When the line containing "Não é possível" is found in the data below, copy it and each line after it through the line containing "You'll achieve a", exactly and with no others.
····················
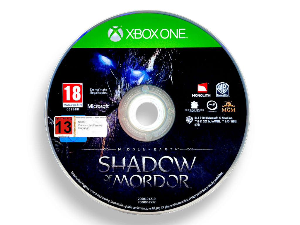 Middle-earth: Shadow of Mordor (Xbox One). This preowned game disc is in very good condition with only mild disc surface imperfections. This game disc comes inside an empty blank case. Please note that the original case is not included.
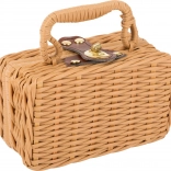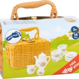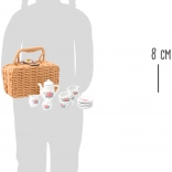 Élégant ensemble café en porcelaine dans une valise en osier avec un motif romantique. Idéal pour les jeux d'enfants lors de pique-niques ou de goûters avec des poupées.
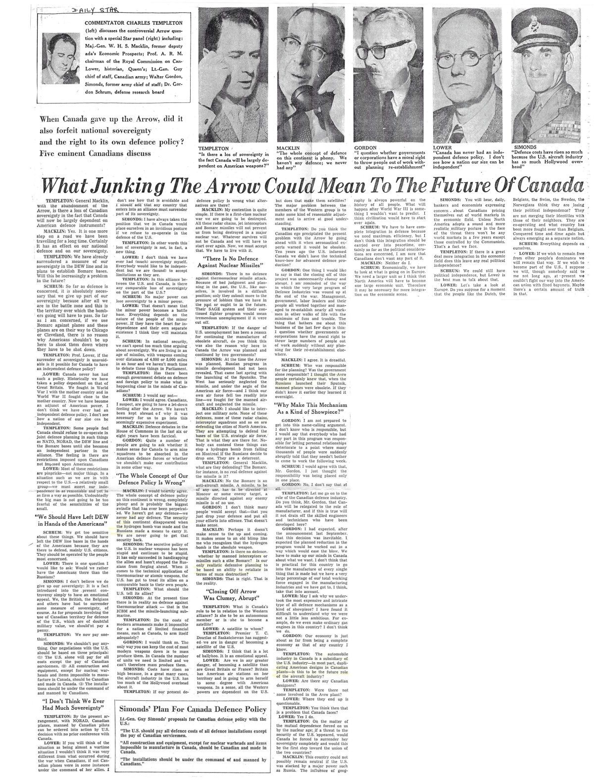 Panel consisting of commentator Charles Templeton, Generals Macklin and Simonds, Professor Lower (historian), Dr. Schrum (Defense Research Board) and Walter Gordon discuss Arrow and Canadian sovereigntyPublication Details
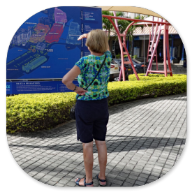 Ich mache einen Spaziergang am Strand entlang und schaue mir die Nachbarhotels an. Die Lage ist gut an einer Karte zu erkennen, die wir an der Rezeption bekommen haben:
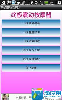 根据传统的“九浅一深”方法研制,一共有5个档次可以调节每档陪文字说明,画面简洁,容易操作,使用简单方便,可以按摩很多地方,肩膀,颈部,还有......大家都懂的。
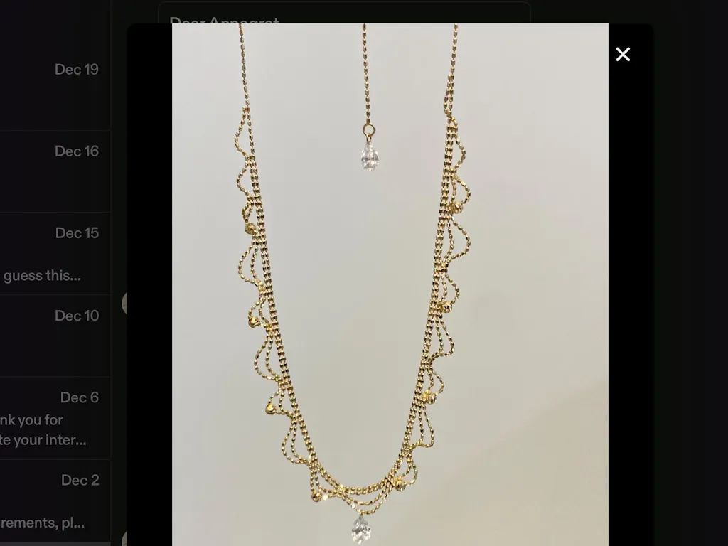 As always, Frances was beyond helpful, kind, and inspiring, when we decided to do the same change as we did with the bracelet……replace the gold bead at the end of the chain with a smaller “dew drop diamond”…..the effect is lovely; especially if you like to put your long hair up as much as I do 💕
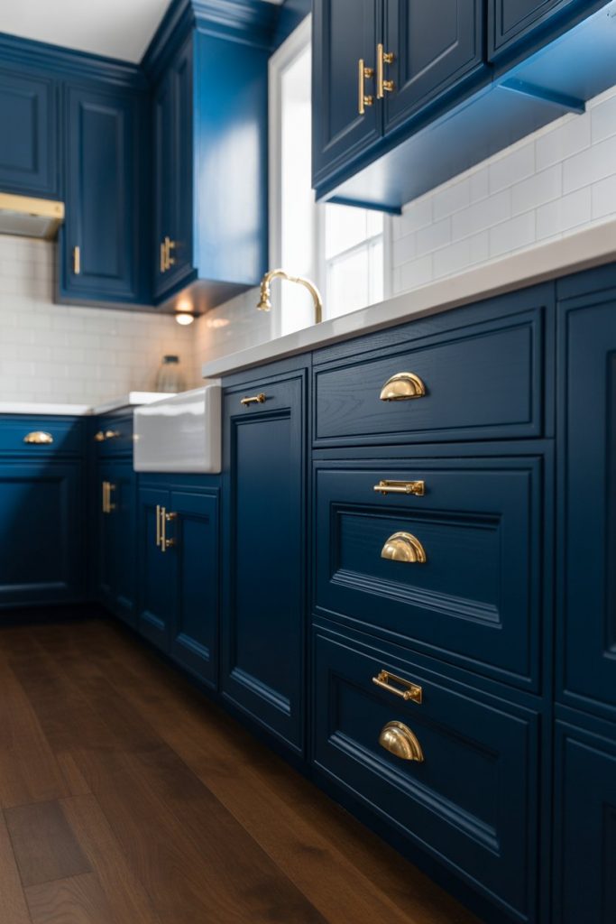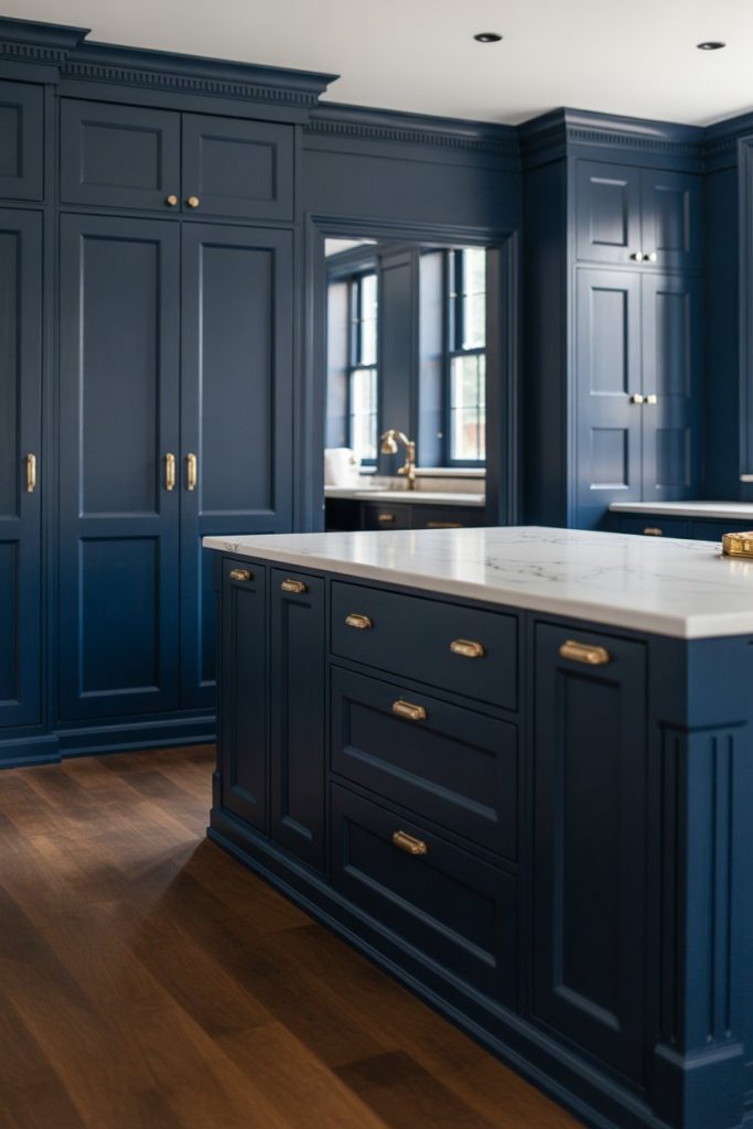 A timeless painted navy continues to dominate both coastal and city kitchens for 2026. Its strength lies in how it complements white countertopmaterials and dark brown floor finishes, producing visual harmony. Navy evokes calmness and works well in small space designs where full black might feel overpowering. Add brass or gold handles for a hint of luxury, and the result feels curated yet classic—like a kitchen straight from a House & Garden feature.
····················
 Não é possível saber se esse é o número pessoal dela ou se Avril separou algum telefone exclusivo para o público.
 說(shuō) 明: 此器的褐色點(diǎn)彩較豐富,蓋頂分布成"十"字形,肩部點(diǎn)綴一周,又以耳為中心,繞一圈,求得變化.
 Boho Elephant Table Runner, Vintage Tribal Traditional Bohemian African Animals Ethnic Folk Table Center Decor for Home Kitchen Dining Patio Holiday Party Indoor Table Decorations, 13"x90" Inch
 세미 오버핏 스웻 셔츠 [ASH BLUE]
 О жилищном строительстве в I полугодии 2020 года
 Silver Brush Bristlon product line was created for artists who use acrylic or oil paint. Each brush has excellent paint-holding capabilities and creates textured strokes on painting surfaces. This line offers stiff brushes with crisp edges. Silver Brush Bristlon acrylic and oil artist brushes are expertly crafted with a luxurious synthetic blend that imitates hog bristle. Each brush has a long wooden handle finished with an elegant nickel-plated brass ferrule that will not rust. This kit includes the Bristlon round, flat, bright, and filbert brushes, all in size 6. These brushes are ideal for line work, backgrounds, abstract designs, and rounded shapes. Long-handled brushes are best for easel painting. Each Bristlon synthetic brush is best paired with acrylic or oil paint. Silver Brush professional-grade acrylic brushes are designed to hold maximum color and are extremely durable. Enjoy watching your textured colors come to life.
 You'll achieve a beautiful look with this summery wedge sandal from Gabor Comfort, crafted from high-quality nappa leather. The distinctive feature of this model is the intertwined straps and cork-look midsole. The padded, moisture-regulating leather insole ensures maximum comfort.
····················
Answer to the problem →
 Não é possível saber se esse é o número pessoal dela ou se Avril separou algum telefone exclusivo para o público.
 說(shuō) 明: 此器的褐色點(diǎn)彩較豐富,蓋頂分布成"十"字形,肩部點(diǎn)綴一周,又以耳為中心,繞一圈,求得變化.
 Boho Elephant Table Runner, Vintage Tribal Traditional Bohemian African Animals Ethnic Folk Table Center Decor for Home Kitchen Dining Patio Holiday Party Indoor Table Decorations, 13"x90" Inch
 세미 오버핏 스웻 셔츠 [ASH BLUE]
 О жилищном строительстве в I полугодии 2020 года
 Silver Brush Bristlon product line was created for artists who use acrylic or oil paint. Each brush has excellent paint-holding capabilities and creates textured strokes on painting surfaces. This line offers stiff brushes with crisp edges. Silver Brush Bristlon acrylic and oil artist brushes are expertly crafted with a luxurious synthetic blend that imitates hog bristle. Each brush has a long wooden handle finished with an elegant nickel-plated brass ferrule that will not rust. This kit includes the Bristlon round, flat, bright, and filbert brushes, all in size 6. These brushes are ideal for line work, backgrounds, abstract designs, and rounded shapes. Long-handled brushes are best for easel painting. Each Bristlon synthetic brush is best paired with acrylic or oil paint. Silver Brush professional-grade acrylic brushes are designed to hold maximum color and are extremely durable. Enjoy watching your textured colors come to life.
 You'll achieve a beautiful look with this summery wedge sandal from Gabor Comfort, crafted from high-quality nappa leather. The distinctive feature of this model is the intertwined straps and cork-look midsole. The padded, moisture-regulating leather insole ensures maximum comfort.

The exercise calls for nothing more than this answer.